Sudden server reboot troubleshooting

Notice: Page may contain affiliate links for which we may earn a small commission through services like Amazon Affiliates or Skimlinks.

gtech1

Member
May 27, 2019
78
6
8
So I built out a brand new Supermicro server. Everything was brand new except the chassis: X11SRM-F motherboard, W2225 CPU, 128GB DDR4 2400 Kingston RAM.
The motherboard was meant for a desktop but I placed it in a 1U with 500W power supplies.

Power consumption is at 96W, IPMI showed absolutely nothing about the reset event, all sensors are fine, temperature is fine, didn't see any errors anywhere.
The OS showed no kernel core dumps, no logs whatsoever.

It simply rebooted out of the blue which is kind of worrying.

I assembled it about 1 week ago and it ran fine for 7 days and then this happened. The server is not very busy, it's a stand-by backup server for another 'master' server so CPU usage barely goes over 10-15%.
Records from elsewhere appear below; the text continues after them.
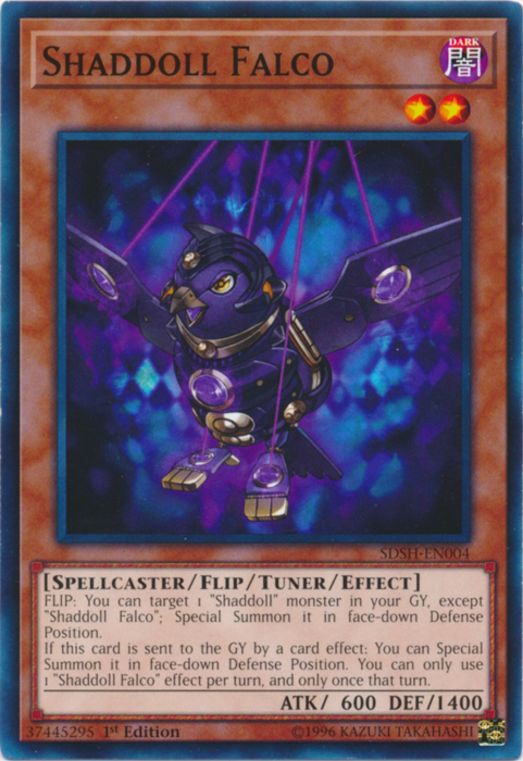 FLIP: You can target 1 "Shaddoll" monster in your GY, except "Shaddoll Falco"; Special Summon it in face-down Defense Position. If this card is sent to the GY by a card effect: You can Special Summon it in face-down Defense Position. You can only use 1 "Shaddoll Falco" effect per turn, and only once that turn.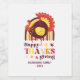 A colourful wine label with elegant typography "Happy Thanksgiving" text, and a cute turkey with a colourful rainbow and some autumn leaves. The label includes a script name and year which can be personalised.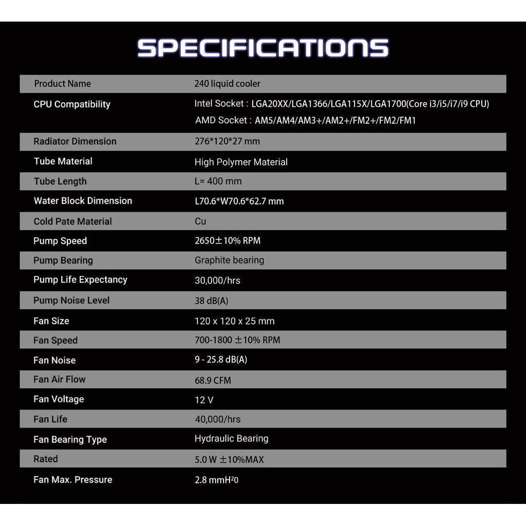 Powercase Rgb Aio Liquid Cpu Cooler 240mm Radiator Computer Radiator Water Cooling Cooler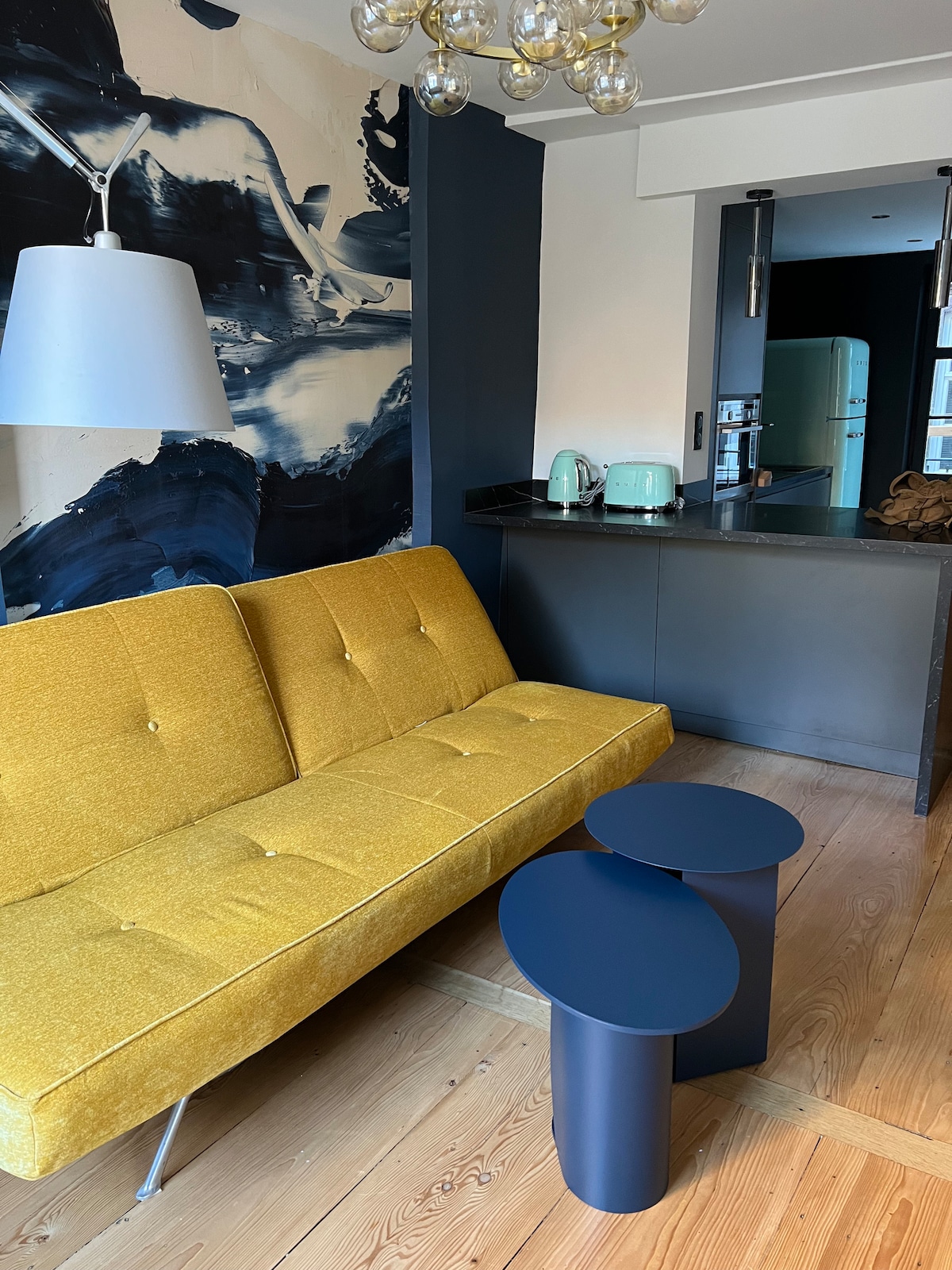 Centre historique, 2ème étage avec ascenseur. 3 pièces 70 m2 rénové, chaleureux, confortable et design. 2 salles de bain et 2WC, très bonne literie King Size ou 2 lits simples. Un canapé lit 140/200 permet de loger 2 personnes sup. au salon. Idéal entre collègues ou copains ou pour famille jusqu’à 6 personnes. Cuisine eq. complète neuve, rangements. TV &Wifi avec connection fibre optique high speed . Location minimum de 2 nuits.

How can I troubleshoot this ? What should I change / inspect first ?
 

zhianguo

New Member
Jun 21, 2015
1
0
1
58
I once had this kind of thing for a desktop when I had a defective nvme ssd. The kernel could not dump error msgs to log after fault because of intermitten disk failures.
So one way to eliminate this possibility is to clone the disk and move the boot disk. In my case I moved the os from the nvme to a sata drive and the reboot was gone.
How is power quality on your outlet?